End of the week in Paris: nudity sets in

Low back, cutouts on the hips, dresses evoking negligees: the trend for ultrasexy and bare bodies is taking hold in haute couture.

On Thursday, the last day of the Parisian Haute Couture week, Fendi presented a collection all in light and transparency with many dresses designed around lingerie.

‘It’s the inner world that comes out – both figuratively and literally and underwear becomes evening wear,’ said Briton Kim Jones, artistic director of the house’s couture collections. Roman in the parade notes.

In front of the singers Courtney Love and Rita Ora, in the front row wearing almost identical total blue looks with wedge boots, paraded models in fluid dresses, light gray or flesh-colored with pumps with jewel heels.

The winged sleeves are detachable and the lingerie is designed as an integral part of the dress, often in the same heavily embroidered fabric.

The Spanish designer Juana Martin has also bet on glamor and nudity for her second collection presented in Paris as part of haute couture week.

A little black dress or sheer white mini ensemble with voluminous fan-shaped sleeves, her trademark, are worn with silver stiletto sandals.

‘Want to show off’

Tie-dye denim is the star material of this collection lightened by cut-outs and openings: here, a bodysuit with bare legs is worn with an Andalusian hat.

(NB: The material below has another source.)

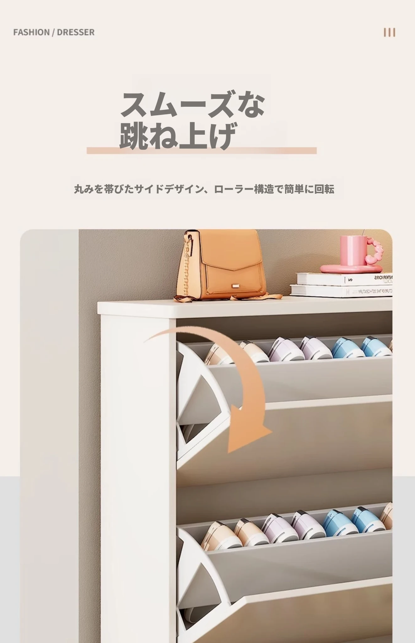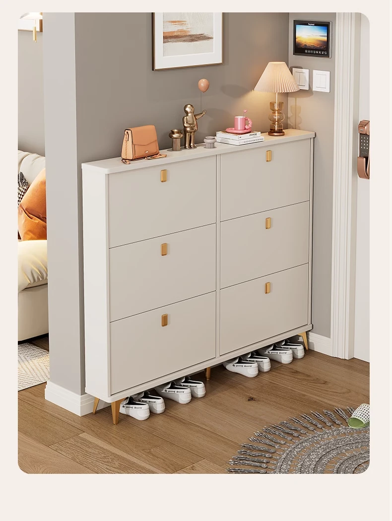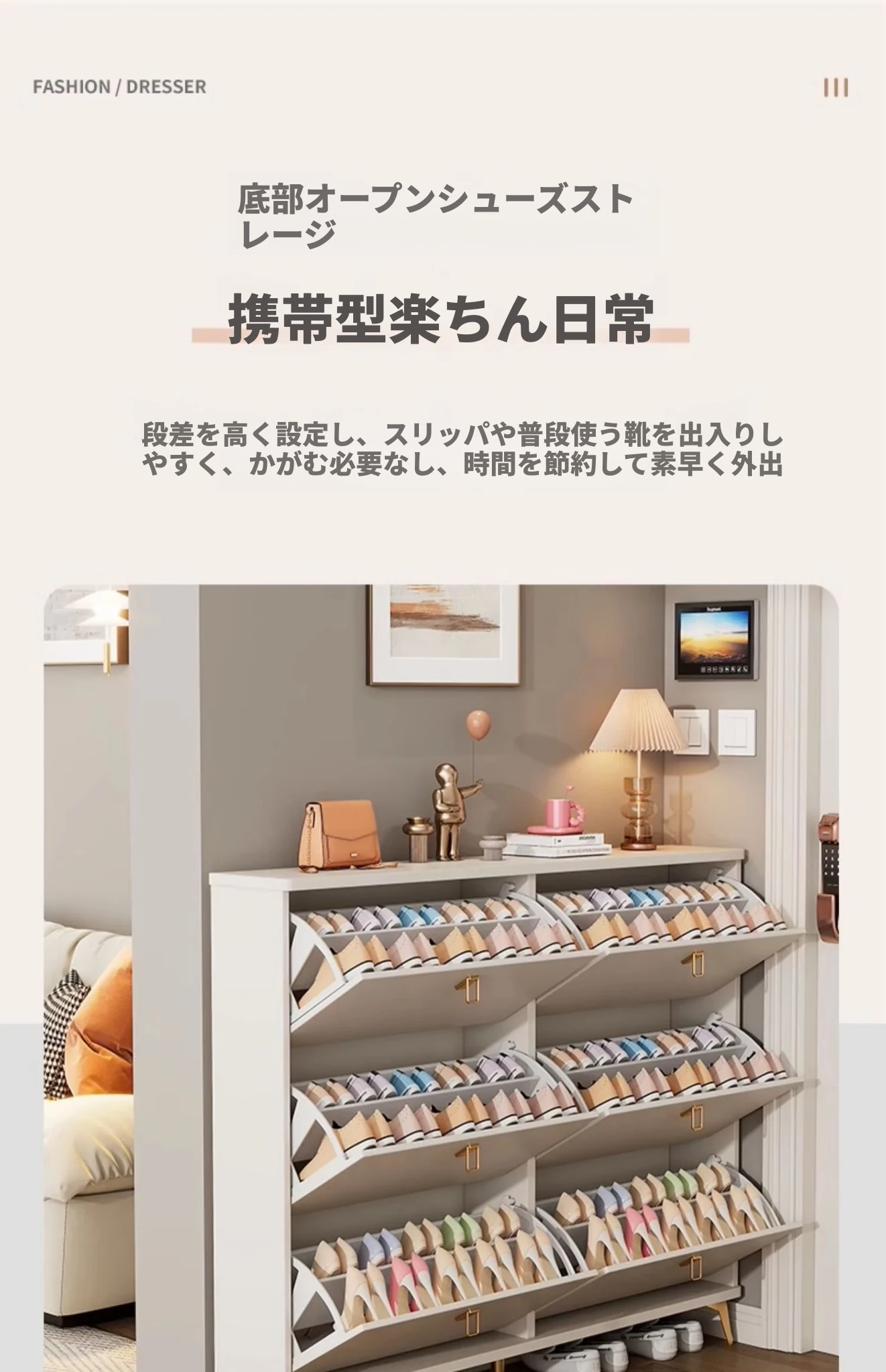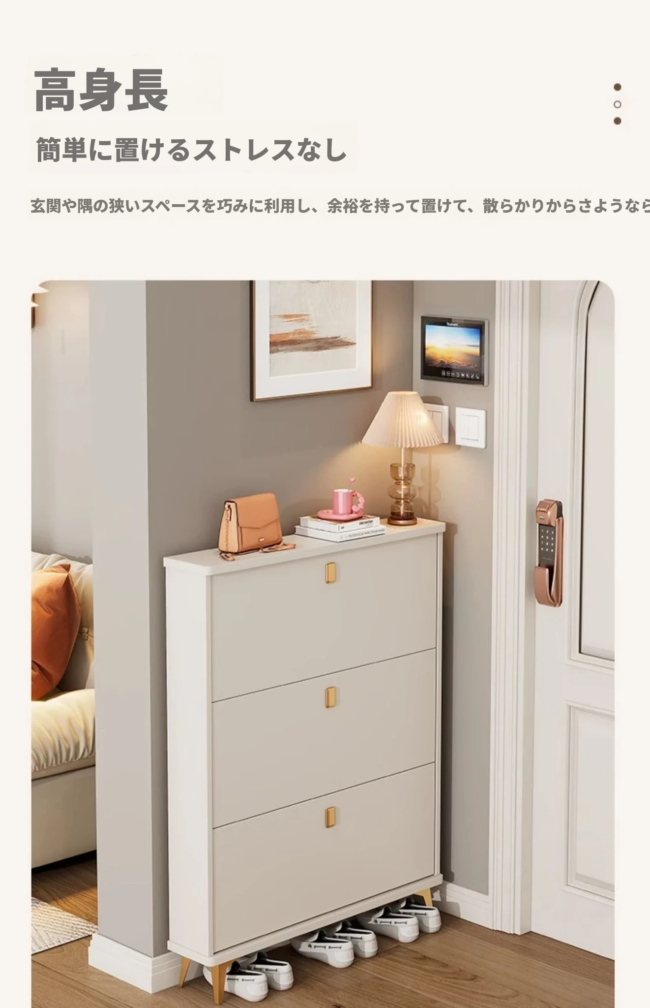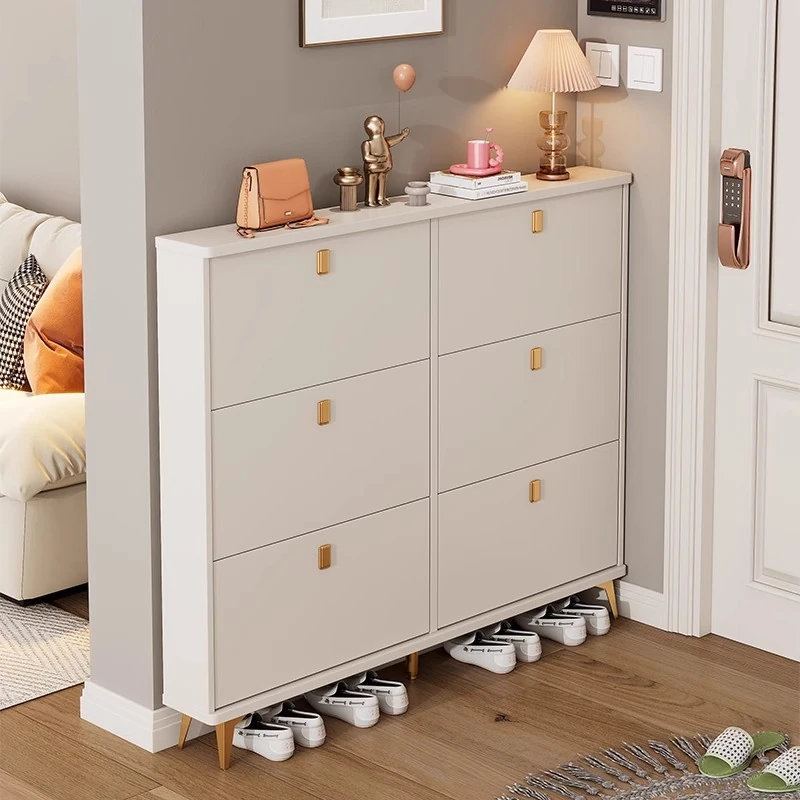 クリーミー風の超薄型シューズキャビネット!家庭用玄関に最適なリフト式収納ラックで、スペースを無駄にせずスマートに靴を整理。おしゃれで実用的な玄関収納の必需品!

There, a long dress with ruffled shoulders is split to the waist. The cutouts on the hips of the skirts and pants feminize the silhouettes made in this raw material.

The jeans represent ‘the introduction of high fashion that people can wear’, explained Juana Martín.

‘There is a lot of nudity in the garment. It’s always in waves, we’re coming out of a pandemic, people want to go out, show themselves, celebrate together. It goes with it,’ Christian Louboutin, who designed red-soled shoes for Juana Martin’s show, told AFP. ‘Shoes had to have small lines, just shine’.

The veil, to cover and discover

For the French couturier Julien Fournié, it is a question of “reclaiming the body bruised by the Covid”.

Its collection inspired by the 30s is fluid and light and the silhouettes are designed to be worn without a bra if it is not an embroidered swimsuit which is in itself an evening outfit.

“The idea is to wear it with a lot of freedom and a lot of … nudity,” he explains to AFP.

Alexis Mabille designed long red and green dresses with huge cutouts on the sides, while a few strips of fabric barely draped the chest of a pink evening dress by Haider Ackermann for Jean-Paul Gaultier.

Moroccan dressmaker Sara Chraïbi, who made her debut in Paris on Thursday, defended ‘freedom of adornment and movement’.

Her architectural and opulent collection played on lengths lightened by necklines and fringes. An embroidered bra is worn as a top of a trouser suit with a veil cape.

‘There was a certain veil-like look and for me that was important. I wanted to have two points of view: a point of view on the freedom to cover up or uncover,’ she told AFP, backstage at the parade.